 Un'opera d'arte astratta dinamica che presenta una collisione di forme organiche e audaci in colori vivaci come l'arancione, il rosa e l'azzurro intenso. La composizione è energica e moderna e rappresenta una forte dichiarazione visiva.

==

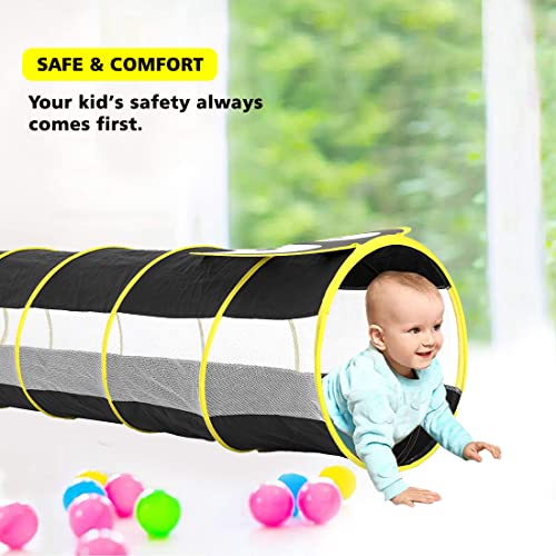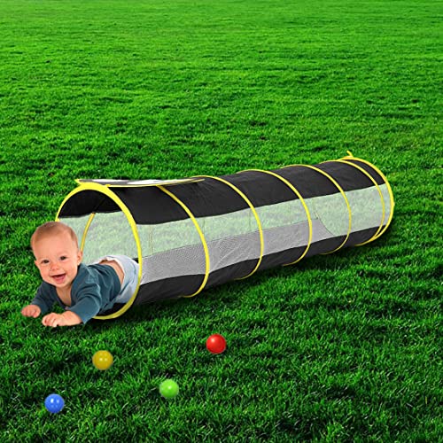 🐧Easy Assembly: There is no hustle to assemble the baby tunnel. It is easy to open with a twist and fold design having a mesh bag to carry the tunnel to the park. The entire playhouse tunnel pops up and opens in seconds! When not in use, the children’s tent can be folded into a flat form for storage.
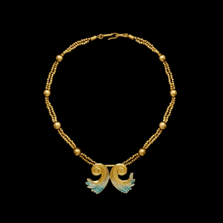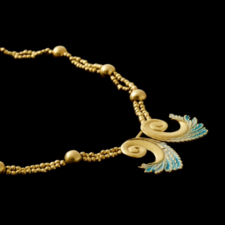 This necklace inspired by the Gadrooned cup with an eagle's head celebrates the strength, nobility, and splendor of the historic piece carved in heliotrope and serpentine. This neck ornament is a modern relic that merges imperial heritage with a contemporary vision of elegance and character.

**WORK INSTRUCTION**
Return exactly the lines of the material above, starting at the line containing "form for storage." and finishing at the line containing "This necklace inspired by", without any pictures.

**RESULT FOR THIS TASK**
 🐧Easy Assembly: There is no hustle to assemble the baby tunnel. It is easy to open with a twist and fold design having a mesh bag to carry the tunnel to the park. The entire playhouse tunnel pops up and opens in seconds! When not in use, the children’s tent can be folded into a flat form for storage.
 This necklace inspired by the Gadrooned cup with an eagle's head celebrates the strength, nobility, and splendor of the historic piece carved in heliotrope and serpentine. This neck ornament is a modern relic that merges imperial heritage with a contemporary vision of elegance and character.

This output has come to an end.